Multi-arm adaptively randomized clinical trials

This post will look at adaptively randomized trial designs. In particular, we want to focus on multi-arm trials, i.e. trials of more than two treatments. The aim is to drop the less effective treatments quickly so the trial can focus on determining which of the better treatments is best.

We’ll briefly review our approach to adaptive randomization but not go into much detail. For a more thorough introduction, see, for example, this report.

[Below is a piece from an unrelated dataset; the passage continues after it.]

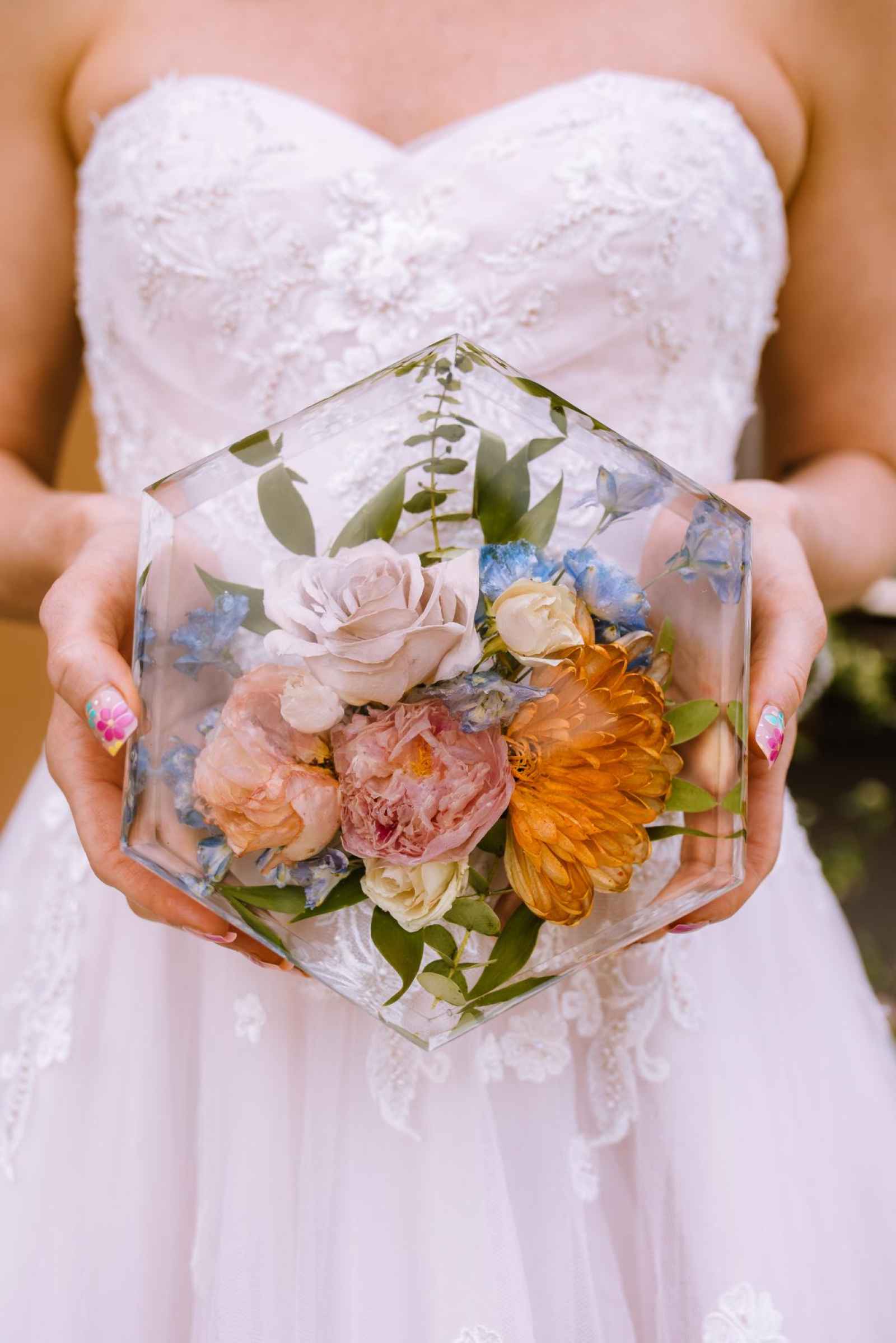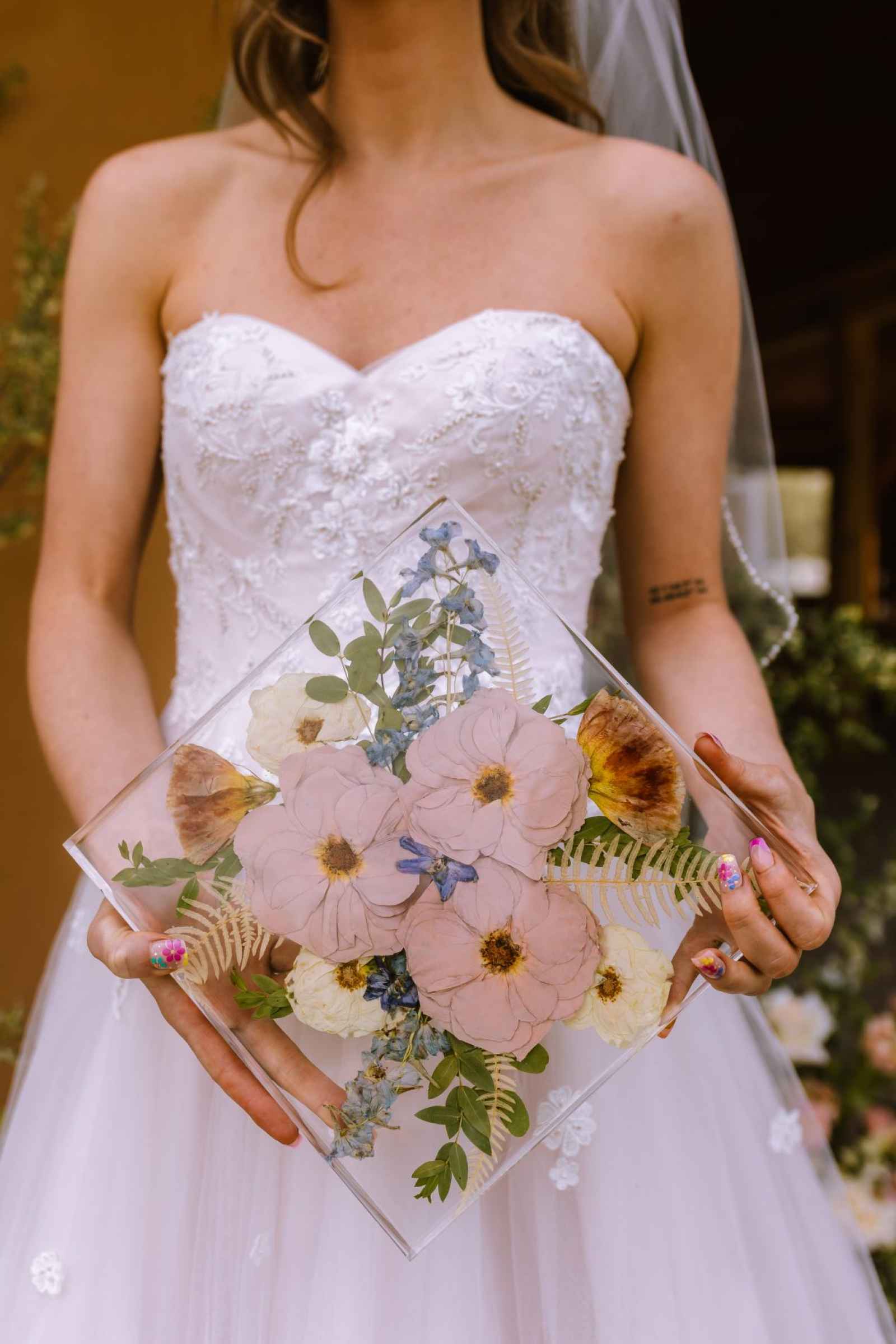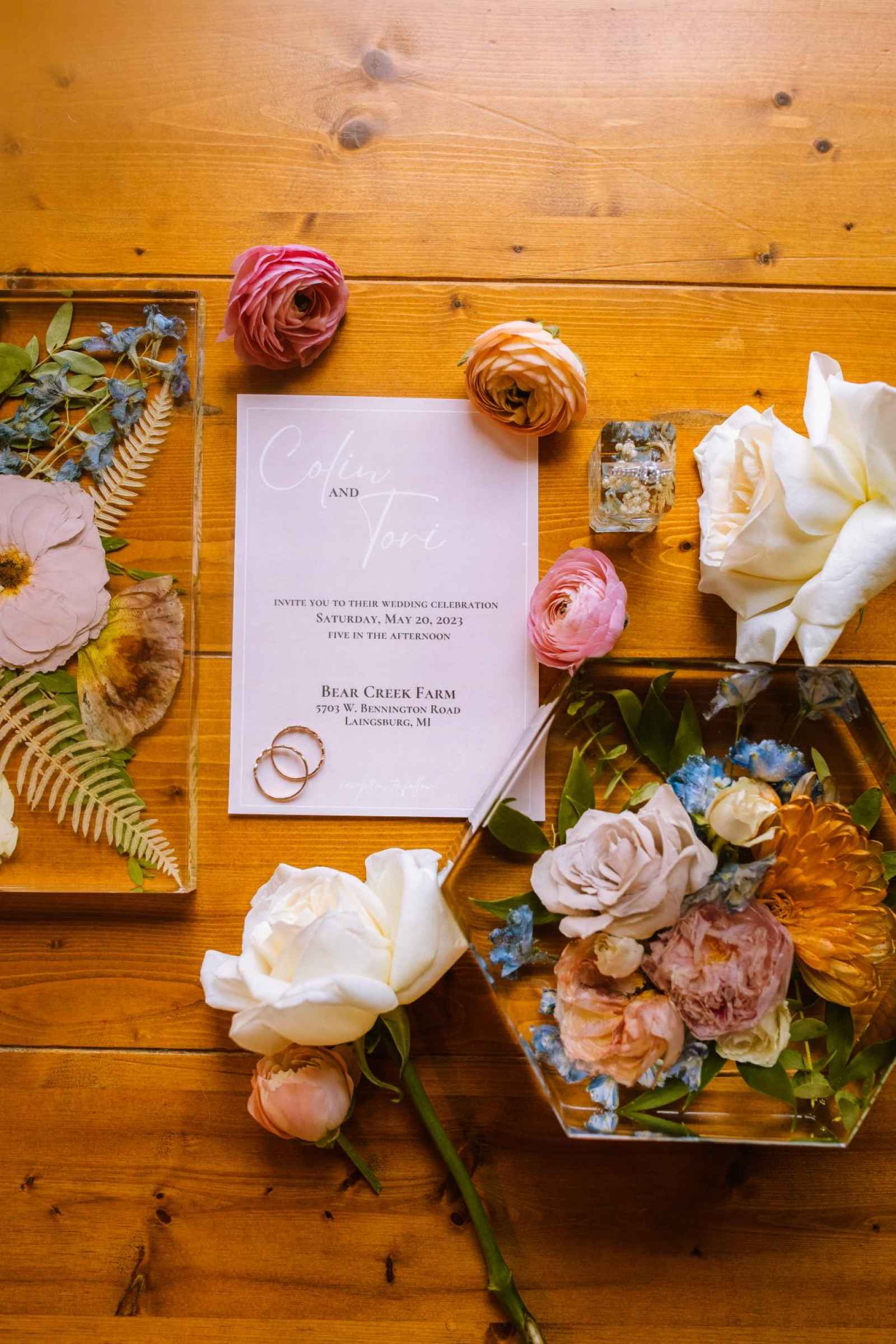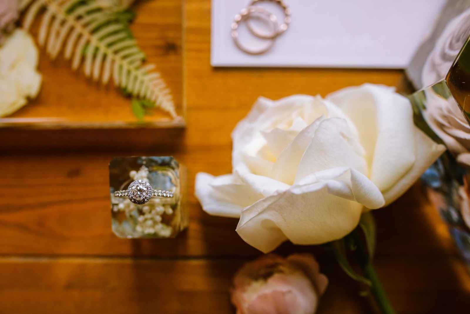 Emerald Schill Studio added a touch of everlasting beauty to our flat lay display with their stunning preserved floral blocks and ring holder. The intricate designs showcased a vibrant array of colors and textures, enhancing the overall visual appeal of the design. From key chains to trays, we love all the unique ways they can preserve your bouquet, allowing its beauty to endure well beyond the wedding day. And this experience wouldn't be complete without Emerald Schill Studio preserving some florals from our very cover shoot! Click here for a special feature on how she allowed our beautiful blooms to live on.

Why adaptive randomization

Adaptive randomization designs allow the randomization probabilities to change in response to accumulated outcome data so that more subjects are assigned to (what appear to be) more effective treatments. They also allow for continuous monitoring, so one can stop a trial early if we’re sufficiently confident that we’ve found the best treatment.

Adapting randomization probabilities

Of course we don’t know what treatments are more effective or else we wouldn’t be running a clinical trial. We have an idea based on the data seen so far at any point in the trial, and that assessment may change as more data become available.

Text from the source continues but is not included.